Captain Mayo gave his supporter a glance of mingled astonishment and relish. "We'd better not have any words about the matter, gentlemen,'' he suggested, mildly.
"Certainly not," stated the spokesman. "If you'll pass on there'll be no words--or anything else."
"Then we'll dispense with words!" The quick anger of youth flared in Mayo. The air of the man rather than his words had offended deeply. "You'd like to have this room to yourself so that you can attend to your business, I presume?" he asked the operator.
"Yes, I would."
Oakum Otie laid his folded paper upon the packet of Captain Mayo.
"You will leave the room gentlemen," advised the captain.
Mr. Speed thrust out his bony elbows and cracked his hard fists together. "I have never liked dudes," he stated. "I have been brought up that way. All my training with Cap'n Epps has been that way."
"How do you fit into this thing?" demanded one of the yachtsmen.
"About like this," averred Mr. Speed. He grabbed the young man by both shoulders and ran him out into the night before anybody could interfere. Then Mr. Speed reappeared promptly and inquired, "Which one goes next?"
"I think they will all go," said the captain.
"Come on," urged one of the party. "We can't afford to get into a brawl with natives."

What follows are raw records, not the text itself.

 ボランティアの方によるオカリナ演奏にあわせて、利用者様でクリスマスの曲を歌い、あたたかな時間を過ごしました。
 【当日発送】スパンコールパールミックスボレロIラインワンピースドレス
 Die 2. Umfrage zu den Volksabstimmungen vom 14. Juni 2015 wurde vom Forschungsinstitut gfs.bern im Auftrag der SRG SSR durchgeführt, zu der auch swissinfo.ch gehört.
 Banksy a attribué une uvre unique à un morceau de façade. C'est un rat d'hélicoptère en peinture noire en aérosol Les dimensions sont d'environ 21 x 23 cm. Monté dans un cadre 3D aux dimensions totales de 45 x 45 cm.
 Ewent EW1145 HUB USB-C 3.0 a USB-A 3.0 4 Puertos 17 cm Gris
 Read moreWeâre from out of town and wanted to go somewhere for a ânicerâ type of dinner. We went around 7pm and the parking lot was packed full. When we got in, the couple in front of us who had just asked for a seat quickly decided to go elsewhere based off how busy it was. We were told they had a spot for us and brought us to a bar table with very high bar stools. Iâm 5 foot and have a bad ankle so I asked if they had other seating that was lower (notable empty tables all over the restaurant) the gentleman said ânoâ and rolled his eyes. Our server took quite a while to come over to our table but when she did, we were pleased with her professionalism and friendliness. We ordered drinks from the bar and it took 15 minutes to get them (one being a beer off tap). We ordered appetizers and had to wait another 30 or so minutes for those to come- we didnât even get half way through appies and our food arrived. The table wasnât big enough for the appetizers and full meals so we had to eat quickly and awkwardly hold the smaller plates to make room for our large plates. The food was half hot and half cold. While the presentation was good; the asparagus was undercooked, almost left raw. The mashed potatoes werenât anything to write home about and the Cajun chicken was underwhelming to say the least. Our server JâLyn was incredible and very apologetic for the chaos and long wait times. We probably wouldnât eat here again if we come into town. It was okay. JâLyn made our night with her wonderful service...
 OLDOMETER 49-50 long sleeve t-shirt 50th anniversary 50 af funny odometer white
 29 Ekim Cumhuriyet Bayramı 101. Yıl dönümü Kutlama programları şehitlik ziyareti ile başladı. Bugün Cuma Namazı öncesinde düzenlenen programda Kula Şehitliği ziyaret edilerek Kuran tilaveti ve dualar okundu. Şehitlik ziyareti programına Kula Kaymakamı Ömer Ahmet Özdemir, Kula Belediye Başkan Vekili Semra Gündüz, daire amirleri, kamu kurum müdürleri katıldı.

"You bet you can't," retorted Oakum Otie. "I hain't hove bunches of shingles all my life for nothing!"
Mayo said nothing more. But after the yachtsmen had looked him over they went out, making the affair a subject for ridicule.
"Hope I done right and showed to you that I was thankful for good advice," suggested Mr. Speed, seeking commendation.
"Just a bit hasty, sir."
"Maybe, but there's nothing like handing folks a sample just to show up the quality of the whole piece."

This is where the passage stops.